Probability of even sum of $n$ integers with uniform distribution from $\{1,2,\dots, 2n\}$.

Question

Choosing with Uniform distribution $n$ numbers from $\{1,\dots,2n\}$ with returns and the order is important. What is the probability that the sum of these number will be even?

Thanks.

Answer 1

You can prove that the answer is $1/2$ by induction. Denote with $E_n$ the event that after $n$ draws the sum is even.

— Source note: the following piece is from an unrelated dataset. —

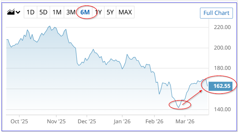 PANW is at $163.13 in midday trading on Friday, March 20. This is up from a recent trough of $141.67 on Feb. 24, after the company's fiscal Q2 earnings release on Feb. 17.

• Base case: $n=1$. You draw $1$ number from $\{1,2\}$. Obviously, the probability that the sum is even, is equal to the probability that you draw $2$, is equal to $1/2$, i.e. $$P(E_1)=\frac12$$
• Induction step. Assume this holds for $n$, i.e. that $P(E_n)=\frac12$. Then for $n+1$ you draw $n+1$ numbers from $\{1,2,\dots, 2n+2\}$. Hence \begin{align}P(E_{n+1})&=P(E_{n+1}\mid E_n)P(E_n)+P(E_{n+1}\mid E_n^c)P(E_{n}^c)\\[0.2cm]&=P\left(\text{draw even number from}\{1,2,\dots, 2n+2\}\mid E_n\right)\frac12\\[0.2cm]&\phantom{.}+P\left(\text{draw odd number from} \{1,2,\dots, 2n+2\}\mid E_n^c\right)\frac12\\[0.2cm]&=\frac12\frac12+\frac12\frac12=\frac12\end{align}

Note that order did not play a role.

Answer 2

If a number can appear more than once, then this is easily seen to be $\frac12$. You can see this if you stop to catch your breath after you've drawn the first $n-1$ numbers. Then you realize that whether the total sum will become even or odd depends only on whether the last number (that you haven't drawn yet) is even or odd (the sum might end up having the opposite parity of the last number, if the sum of the first $n-1$ numbers is odd, but that doesn't change things).

Since the last number has equal odds of being even or odd, the whole sum has equal odds of being even or odd.